Yesterday, rail commuters found out how much their season tickets will rise by next year, as governments peg these increases to July’s RPI.

Given recent disruption this news was understandably met with dismay by many. Debate about the role of private companies in running a vital public service inevitably followed.

Today, I want to be clear – it is time to recast the role of the private sector in passenger rail, so that it delivers more for customers, communities, taxpayers and the economy than it can now.

Rail companies acknowledged the need for change when, last October, they came together to launch a long-term plan to improve. While progress has been made change needs to go further. Despite achieving much in the last 20 years, the status quo is no longer an option. The challenges of today are very different to those of the 1990s but they belie simple solutions.

The private sector, working with the public sector, has a vital role to play in delivering a better railway and, in the right conditions, can inspire a new generation of innovation, investment and, crucially, unity. But that requires the way we run and regulate our railways to be fundamentally overhauled.

The time is now for once-in-a-generation reform.

We don’t have all the answers but we know that passengers must be at the heart.

Barriers to innovation need knocking down so that train operators have flexibility to tailor services and respond quickly to the customers and communities they serve.

This requires change by all parties – operators, governments, Network Rail and our people. The railway must do more to utilise technology. The industry’s relationship with its people needs reshaping.

Governments must make long-term strategic decisions, stepping back from imposing well-meaning detail which ultimately stifles innovation. Long-term decision making must be insulated from short term political fixes. And we need clear accountability and leadership. This could mean a new arms-length body to work with the rail industry to implement a strategic vision set by Government.

Elsewhere, the benefits of an integrated transport system must be realised through greater devolution. Long-term decisions made locally, not in Westminster. Devolution has worked well in Merseyside, Scotland and London. Why not the North and the South West too?

Whoever owns the railway, objectives must be aligned, forging greater unity between track and train. Delivering improvements to Europe’s busiest railway tests the system to its limits and demands a public-private partnership that is better aligned.

This can only be the start though. Today’s companies want a railway that delivers more for the country without putting additional demands on taxpayers.

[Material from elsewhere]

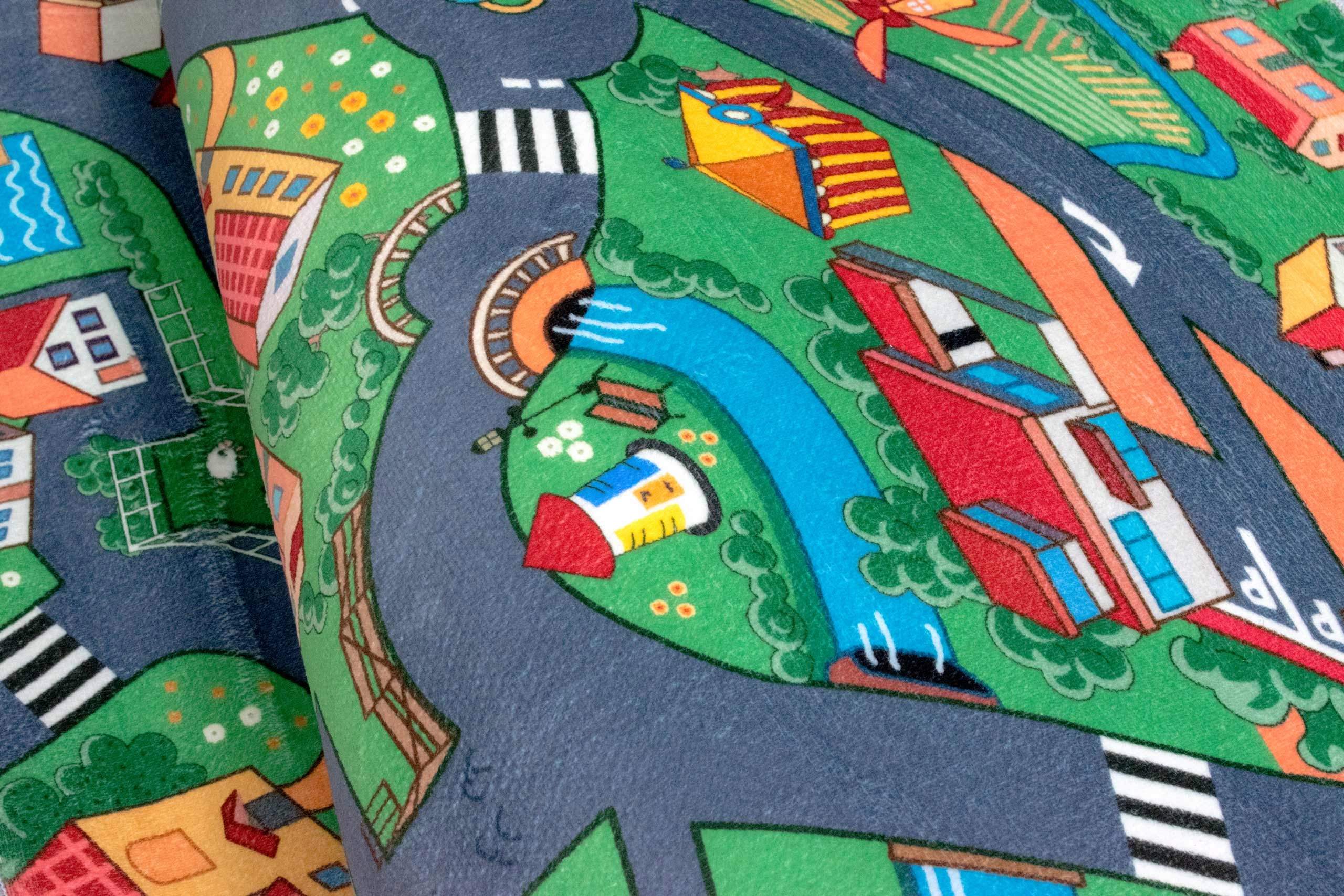Вуличний візерунок: барвистий і деталізований візерунок міста з дорогами робить цей килим ідеальним місцем для організації ігор з автомобілями, потягами чи іграшками, пов’язаними з дорожнім рухом.

For years, today’s rail companies achieved this with 98p of every pound in fares going towards running and improving services, supporting a £50bn investment programme. Operating costs transformed from a £2bn deficit to a £200m surplus – freeing up taxpayer’s money. And unprecedented improvements are still to come.

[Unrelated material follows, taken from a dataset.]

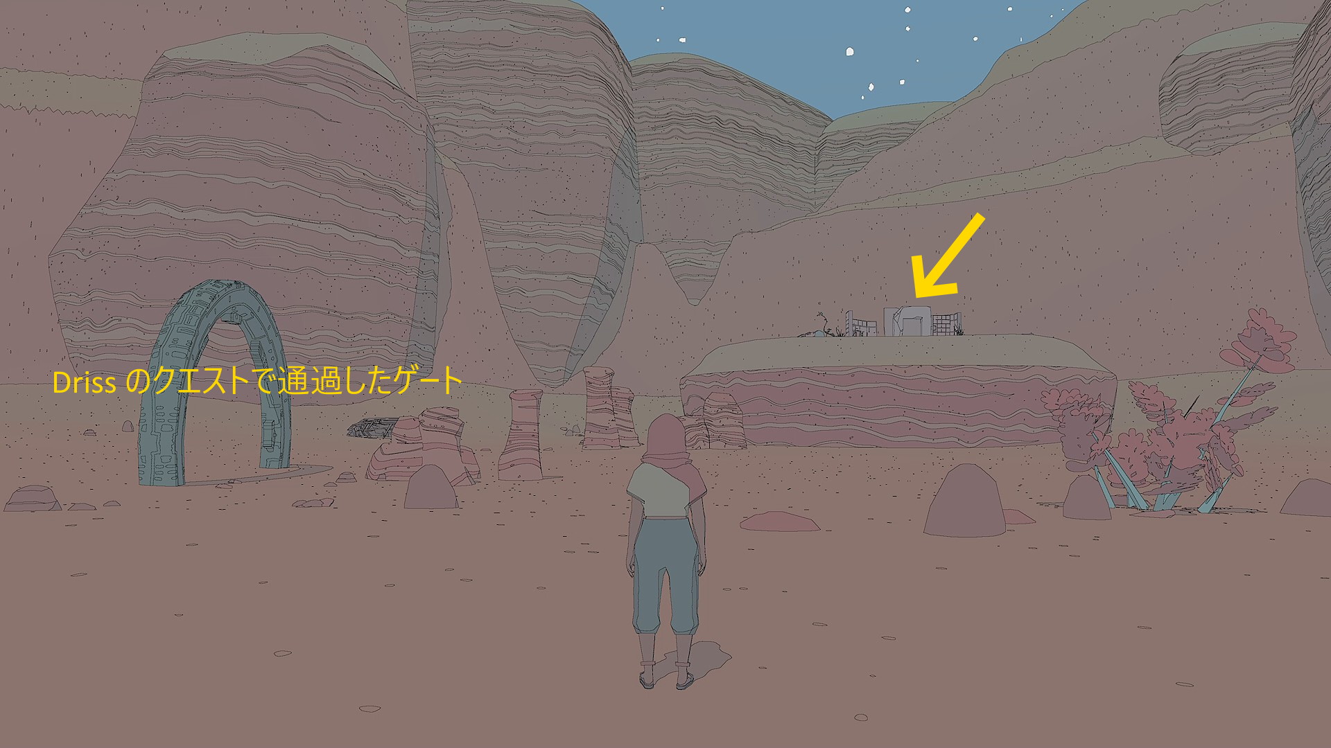 - ドリスのクエストでバイクに乗って通過した半円形のゲートのすぐ近く

However, frustration persists with day-to-day issues. The level and complexity of fares. Delay compensation. Add to this a hugely disruptive timetable change and concerns over the sustainability of some franchises and it is clearer than ever that how we run the railway must change.

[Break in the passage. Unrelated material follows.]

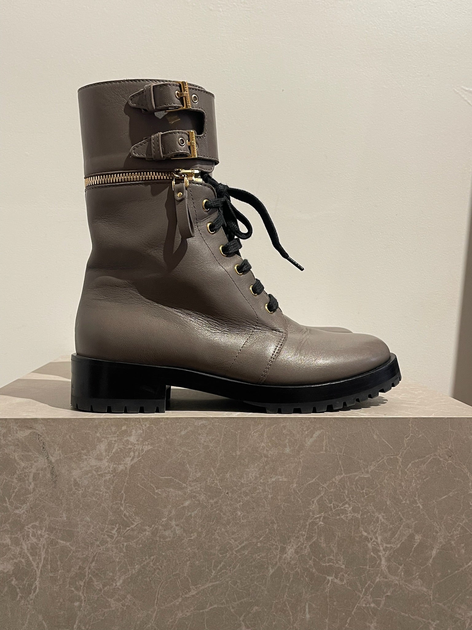 Rangers en cuir gris avec fermeture à lacets noir. Elles peuvent être transformées de façon basse grâce à un zip pour enlever la partie supérieure avec les sangles.

All contributions to this important debate must be heard, from giving our people a greater stake in the railway’s success to using competition to give customers a better service.

Governments and political parties of all colours, passenger and business groups, and trades unions should join us and re-imagine a railway fit not just for today but for the next two decades. We must come together to establish a new model for running our railway that delivers for customers and taxpayers putting Britain on track for a more prosperous future.